Subtitle: I Failed At Tome Topple. Let’s talk about why though. Failure is not the end of the world. It’s a learning experience. Which means, for me, this hit home why I struggle with readathons in general, even though there were more reasons than the obvious that it didn’t work out this time. Let’s discuss.
Part the first: I don’t do well with TBRs. This is the reason why I wonder at myself whenever I go “READATHON!” and get excited. Because I know at some point, I’ll look at my TBR and wince. I’m a mood reader. I much prefer following my whims and going with whatever feels right at the time. Some readathons leave room for that, because you could have an enormous pile of books to choose from and still feel like you’re within the parameters of the readathon’s rules.
Which leads me to a sub-topic of this first one. Tome Topple in particular didn’t leave a lot of room for changing up reads. That’s just in the nature of the readathon itself. It’s all about reading books that are over 500 pages. Changing your read halfway through or getting indecisive is going to cut into how much you can accomplish, and that happened to me. I started with The Blood of Roses by Tanith Lee. I got unsure about it and switched to The War of the Flowers by Tad Williams. Then I got unsure about that and changed back. This happened over several days, wherein I could’ve been reading and making progress but instead I was seesawing.

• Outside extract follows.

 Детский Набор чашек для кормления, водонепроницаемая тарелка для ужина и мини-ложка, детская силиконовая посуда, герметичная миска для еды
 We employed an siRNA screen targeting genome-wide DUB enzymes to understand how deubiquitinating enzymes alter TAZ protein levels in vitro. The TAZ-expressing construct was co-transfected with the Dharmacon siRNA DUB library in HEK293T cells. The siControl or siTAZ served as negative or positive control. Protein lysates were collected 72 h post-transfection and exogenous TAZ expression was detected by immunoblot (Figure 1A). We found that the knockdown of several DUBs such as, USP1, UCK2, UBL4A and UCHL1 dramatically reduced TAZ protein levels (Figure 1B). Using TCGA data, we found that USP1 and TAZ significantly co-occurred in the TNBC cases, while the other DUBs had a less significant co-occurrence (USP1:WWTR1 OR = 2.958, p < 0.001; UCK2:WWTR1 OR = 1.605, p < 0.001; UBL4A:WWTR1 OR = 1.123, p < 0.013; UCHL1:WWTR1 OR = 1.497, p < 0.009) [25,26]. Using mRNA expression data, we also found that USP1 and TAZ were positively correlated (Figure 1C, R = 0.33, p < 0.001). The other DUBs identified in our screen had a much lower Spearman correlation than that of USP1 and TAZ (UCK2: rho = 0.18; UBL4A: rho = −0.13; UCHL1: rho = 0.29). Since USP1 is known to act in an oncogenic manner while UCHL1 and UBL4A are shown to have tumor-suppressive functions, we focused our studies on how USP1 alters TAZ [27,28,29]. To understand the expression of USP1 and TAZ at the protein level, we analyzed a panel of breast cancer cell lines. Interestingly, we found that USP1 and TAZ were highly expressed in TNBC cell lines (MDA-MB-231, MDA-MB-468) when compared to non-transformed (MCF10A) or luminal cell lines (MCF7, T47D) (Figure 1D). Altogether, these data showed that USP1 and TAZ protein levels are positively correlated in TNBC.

Part the second: Again this has to do with this particular readathon. Let me make clear I’m not disparaging it. Part of why Tome Topple excited me was because I wanted to read the longer books on my shelves. It seemed like the perfect excuse to finally do it, to refuse to have any weird fear about it. But I wasn’t taking into account how I read larger books.

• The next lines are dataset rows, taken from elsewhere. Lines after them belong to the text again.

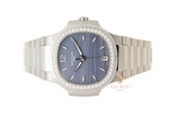 Đồng Hồ Patek Philippe Nautilus 7018/1A-010 gây ấn tượng với người hâm mộ ngay từ cái nhìn đầu tiên bởi sự lấp lánh tuyệt mỹ của 50 viên kim cương trang trí xung quanh vành bezel. Mặt số vỏ ngọc trai tạo sóng màu xanh vô cùng đặc biệt.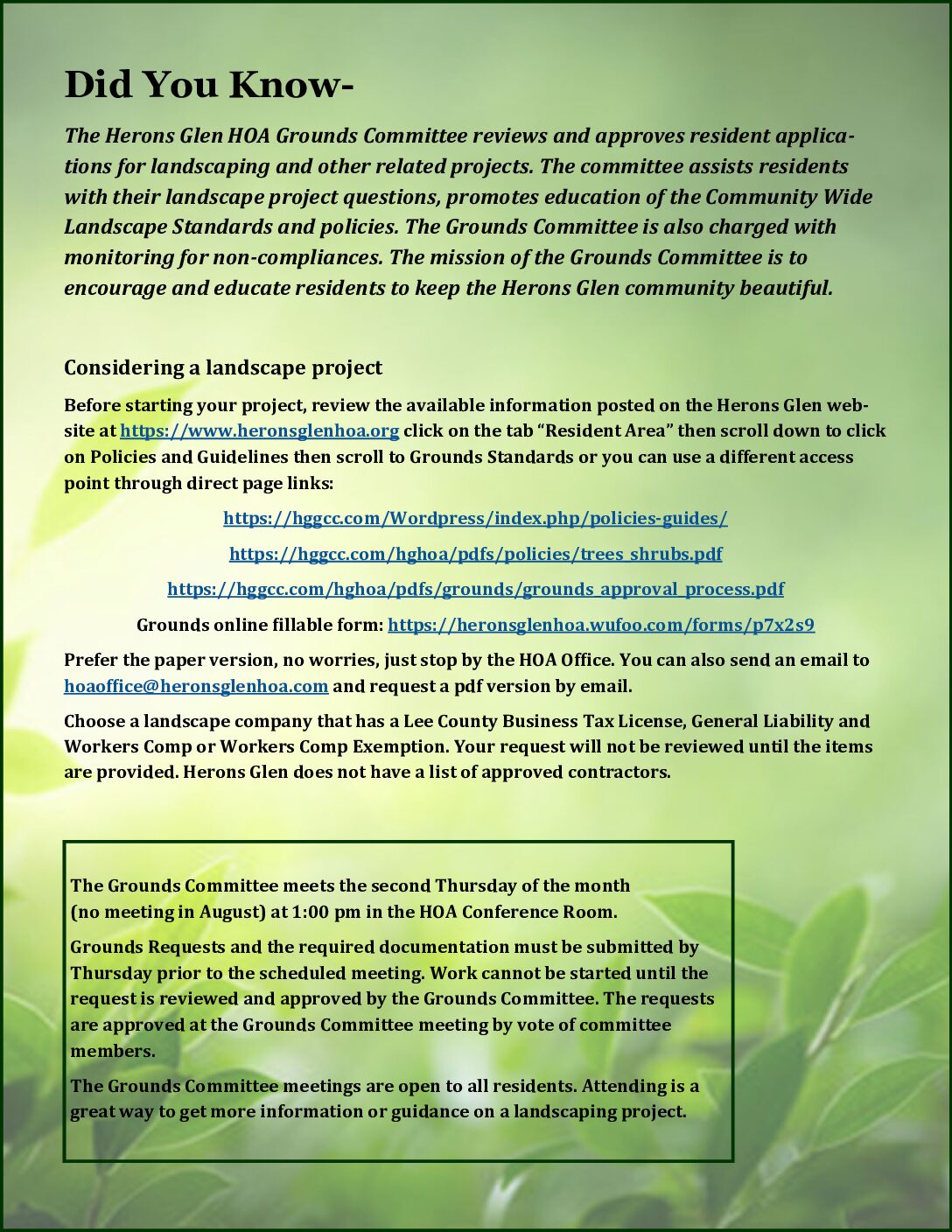 There are several ways that Grounds volunteers may be able to help you. One helpful tool the Grounds Committee offers is a list of Florida Friendly plants that will thrive in your yard with proper care. You can access this on the Web at Herons Glen HOA, under HGHOA/Resident Area/Policies & Guides/Ground Standards/Recommended Trees & Shrubs. When choosing plants for your property, consult the list and you will most likely have fewer problems in having and keeping a beautiful landscape. Another way a committee member might be able to help, is by going over what is required in different areas of your property, such as areas around light posts or partially empty beds. A Grounds Committee member may be able to go over any standards that are not clear to you. While Grounds Committee members cannot recommend landscapers, a neighbor might help in choosing someone to either aid in choosing plants or someone to maintain your landscape.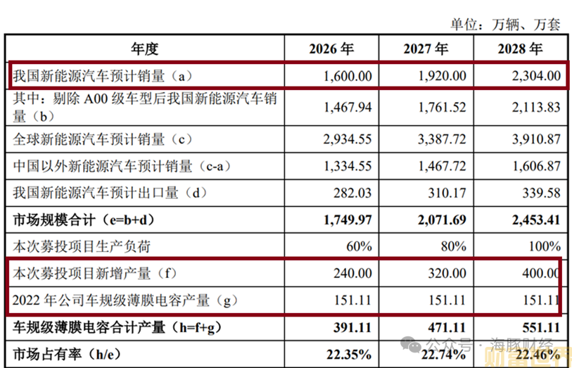 根据上述数据保守计算,过去两年,国内厂商新能源汽车用薄膜电容宣布扩产产能1800万套,加上鹰峰电子计划扩产的600万套,到2026年,国内新能源汽车用薄膜电容产能将高达2400万套;再加上此前已经存在的600万套产能,合计产能将超过3000万套。鹰峰电子在回复函中引用数据显示,2026年我国新能源汽车销量1600万辆,按此计算,届时车规级薄膜电容产能过剩47%;2030年,我国新能源汽车销量2000万辆,车规级薄膜电容产能仍然过剩33%。

I get as far in as I feel like at that time, and if I hit that wall, I pick up something shorter in between. It’s not that I lack an attention span or the book is bad. It’s simply a habit I’ve gotten into that keeps me from feeling bogged down when reading such a long book. I felt like I couldn’t do that here. 500+ page books only. But at some point, if I keep picking up books that are 500+ pages, nothing gets finished. The result is I start to feel stuck. What I need to do is pick up longer books more often and read them however I like, not feel beholden to a readathon to accomplish that.
Part the third: Shit happens. Forgive my foul language, but never did a phrase ring more true to me than right now. Toward the end of the readathon, my mother had an eye appointment. She’d been having trouble with her eyes, but we figured it would be okay. It turned out to be serious, so things got stressful, and I had to drive her to a specialist a half hour away and so on. Now don’t worry! Her doctors are amazing, they’ve seen this a million times, and she’s already started her treatment. It’s going to be fine, and we’re both very relieved. I’m simply pointing out how unexpected stress can kill a readathon faster than you can say [insert tongue twister here]. Rest assured I didn’t feel like reading at all, much less pushing myself to finish a really long book.

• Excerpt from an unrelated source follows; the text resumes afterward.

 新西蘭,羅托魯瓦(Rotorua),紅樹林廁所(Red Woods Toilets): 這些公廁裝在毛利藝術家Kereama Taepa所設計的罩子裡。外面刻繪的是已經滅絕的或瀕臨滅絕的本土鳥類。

Part the fourth: Was it a failure though? She asked in a very high-pitched, incredulous voice. Because I managed 500 out of 678 pages of The Blood of Roses during the readathon. I got 250 pages into The War of the Flowers before setting it aside. That’s incredible headway. Cumulatively, that’s 750 pages. Which is the size of a tome, all right. I didn’t do half bad. I just wish I had finished something during the time allotted. I did finish The Blood of Roses after the readathon was over, so it wasn’t all pure frustration. I just wish I was more disciplined about these things.
I definitely learned a lot about my reading habits, how quickly your schedule can change, and how I want to balance my reading in the future. I’m also not going to give up on readathons. If one catches my fancy, I’ll still give it a try. Thanks for reading, and as always, happy geeking!